Dinorider d'Andoandor said...

hehe! I wouldn't mind finding just another Edmonto

Zach said...

Doggone duckbills. Have there been any studies of tooth morphology across the Hadrosauridae? I ask because I wonder if different genera had different teeth. I doubt it, though. Seems like duckbills were all basically the same aside from their cranial crests. Maybe I'm just biased against duckbills... :-)

traumador said...

dinorider- the first one is a thrill... but by 10 you get real sick of edmontosaurs real quick (espeically since you never find much of their skulls...)

zach- i'm not sure of any one definate study, but i'm sure they've been done throughout the ages.

afterall how many species are named after just teeth?
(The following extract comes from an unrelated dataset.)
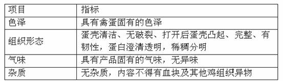 為貫徹預(yù)防為主的方針和執(zhí)行《中華人民共和國(guó)食品衛(wèi)生法》,加強(qiáng)對(duì)蛋與蛋制品的衛(wèi)生管理,提高蛋品質(zhì)量,保障人民身體健康,國(guó)家制定了蛋品衛(wèi)生標(biāo)準(zhǔn)。按照衛(wèi)生部提出的、原技術(shù)監(jiān)督局《鮮蛋衛(wèi)生標(biāo)準(zhǔn)》(GB2748—2003),鮮蛋的感官指標(biāo)和理化指標(biāo)應(yīng)達(dá)到下列要求。

in my experience of finding teeth (which is not the most extensive compared to some mind you, but quite a bit) hadrosaur teeth are just that hadrosaur teeth. i'm pretty sure if there was even a difference between hadrosaurids and lambeosaurid teeth it'd be pretty common knowledge.

as for the crest only differences it turns out there are more differences if you look hard (i myself don't either as typically i'm just eating dinner when looking at hadrosaur skeletons, and who wants to know where their dinner came from really :P)

a friend of mine i currently doing her masters on hypracrosaurs, and trying to determine if there is a difference between albertan and montanaian species.

her big complaint is that so much of hypracosaur ID is based on neck neural arches and spines... and a lot of the material she has to work with is JUST skulls (provided to her no doubt by someone with the crest only mentality LOL)

i'm interested to see what dr. david evans is going to do to the field of duckbills... he is the upcome and coming phil currie, but for hadrosaurs (rather then theropods)... already he has redefined several things about Dinosaur Park hadros (clarifying the Lambeosaur species difference as opposed to male and females).